After the first layer of packages has been built, Catkin moves up to the next, which will be packages which depend on (some, or all) of the packages it just built. This process then repeats, until the "top" package(s) is (are) built.

Note: only the build_depend entries in your package.xml are taken into account, not the setup.py or CMakeLists.txt (actually, there's also build_export_depend et al., but I'll ignore those here, they don't significantly change the explanation).

Now back to your question:

Sometimes other people with the same workspace will build and find that their build fails with some missing dependency in a CMakeLists.txt somewhere. [..] If I run it several times in succession, more and more of the packages will be successfully built.

As I wrote: only package.xml entries are used to create the graph. So it's entirely possible for a pkg A which depends on pkg B, but which does not state a <build_depend>B</build_depend> to end up on the same 'layer' of the graph and thus get built at the same time. Obviously this fails, as A does need B.

Catkin can not really be blamed in such cases I believe: according to the information you provided, A and B fall into (at least) category 4 above.

However, it's possible A can be partly built, perhaps because it only needs some parts of B, and this is where the non-determinism comes in: depending on how your operating system schedules the cmake, make and gcc processes, those "some parts of B" may or may not have already completed building.

If they were finished by the time A tries to use them: you'll never know there was a problem with the build_depends of A. If they were not finished, A's build will fail, probably with some sort of #include error, complaining No such file of directory: "B/some_include.h" and Bs build is also aborted (together with any other jobs which may be running for other pkgs).

A good example of this situation is packages which provide messages, services and/or actions.

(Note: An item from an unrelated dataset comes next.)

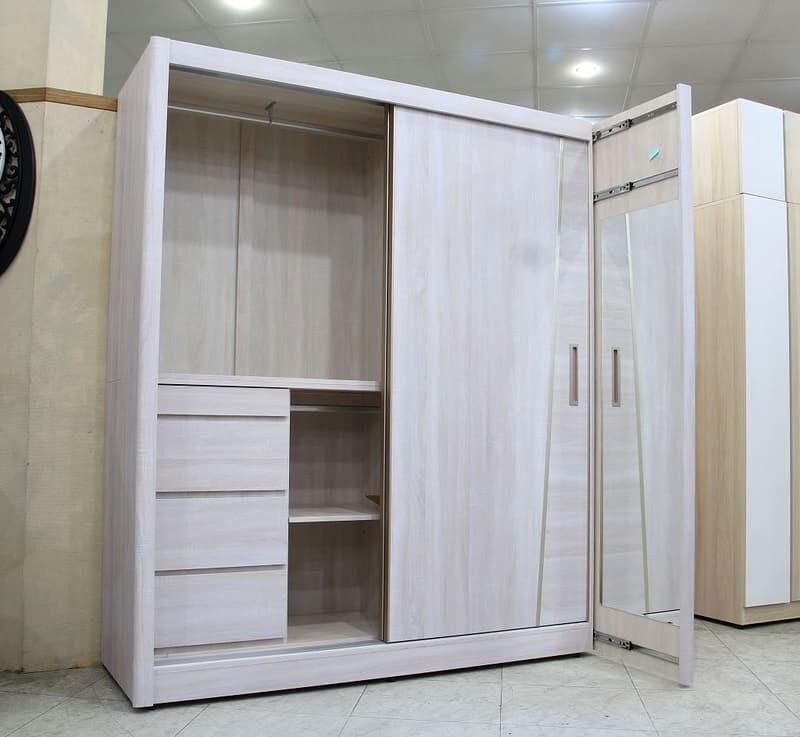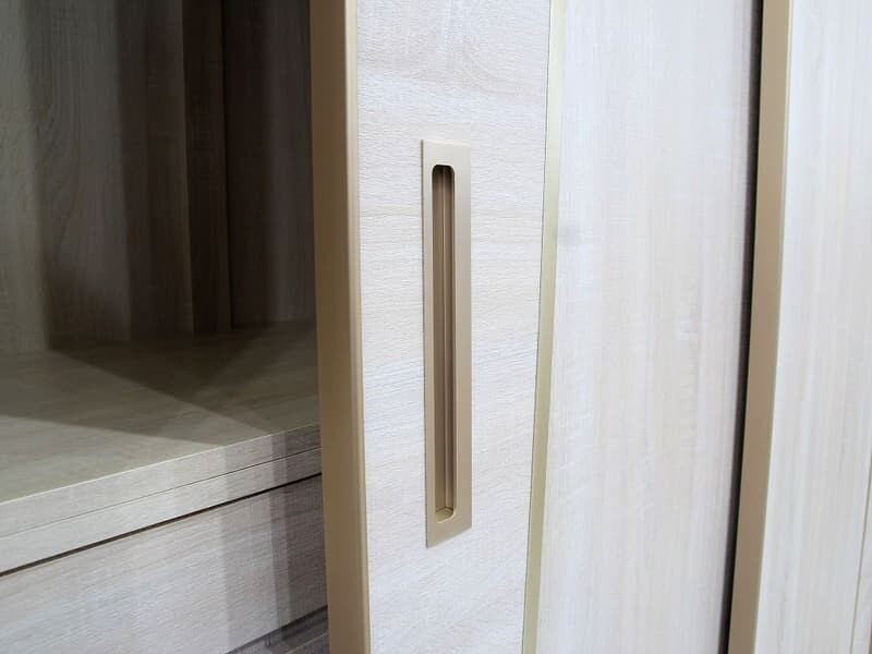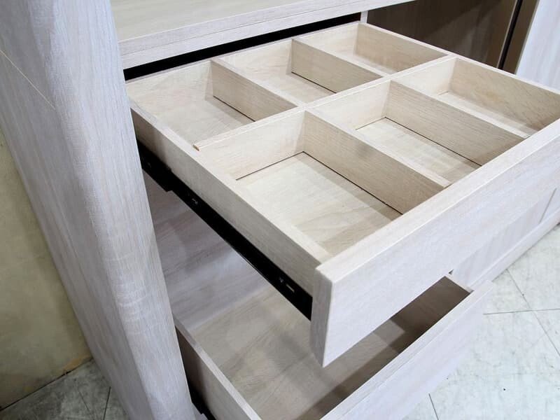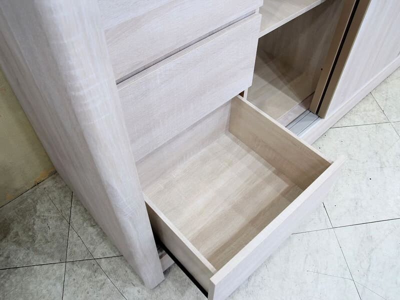 | 材質 | 板材 : 門片,內外桶身,抽屜面板及隔板皆為木心板材 塗裝 : 洗白色浮雕耐磨木皮,表面紋理觸感如實木皮質感,左右側弧形線板質感細緻 五金 : 門片採用最新緩衝五金,關門到底會自動吸入,門片玫瑰金色鋁框包覆,內嵌玫瑰金色把手,上下靜音鋁合金軌道 內部抽屜雙截式鋼珠滑軌,鋁合金吊桿,內建一組宮格,三個抽屜,一組鐵籃,一片活動隔板及大型側拉穿衣鏡 |

The headers are generated during the build, and it's imperative message generation has completed before other packages try to #include those files, or GCC (or whichever compiler you're using) will not be able to find the files and abort.

If I run catkin build && catkin clean several times, different numbers of packages will be successfully built.

So where does the non-determinism come in, and why does restarting the build (sometimes) help?

Each time you restart your build, B's build processes will get a little further before they are aborted due to A's build failing. At some point, enough of B will have finished for A's build to no longer fail (fi: the message headers #included by A may have actually been generated by B's build). But how much of B succeeds is slightly non-deterministic, due to the stochasticity which results from OS process & thread scheduling I mentioned above (it not only depends on available jobs in the build, but on all other processes on your machine fi).

As to why different numbers of packages may succeed: a topological sort does not always have a unique solution, and in addition, again due to scheduling, there is a non-zero chance packages with the same or similar dependency sets will be scheduled "at the same time", but really only start building at slightly different times. Together with the semi-randomness of tasks succeeding in dependencies (fi: B's tasks getting scheduled and/or aborted at slightly different times), this leads to a situation where packages on the same layer in the dependency graph not always progressing in the exact same way in their build. This can appear to be random, but should be explainable if total insight into scheduling of tasks, progress of the build, file system state, etc would be available.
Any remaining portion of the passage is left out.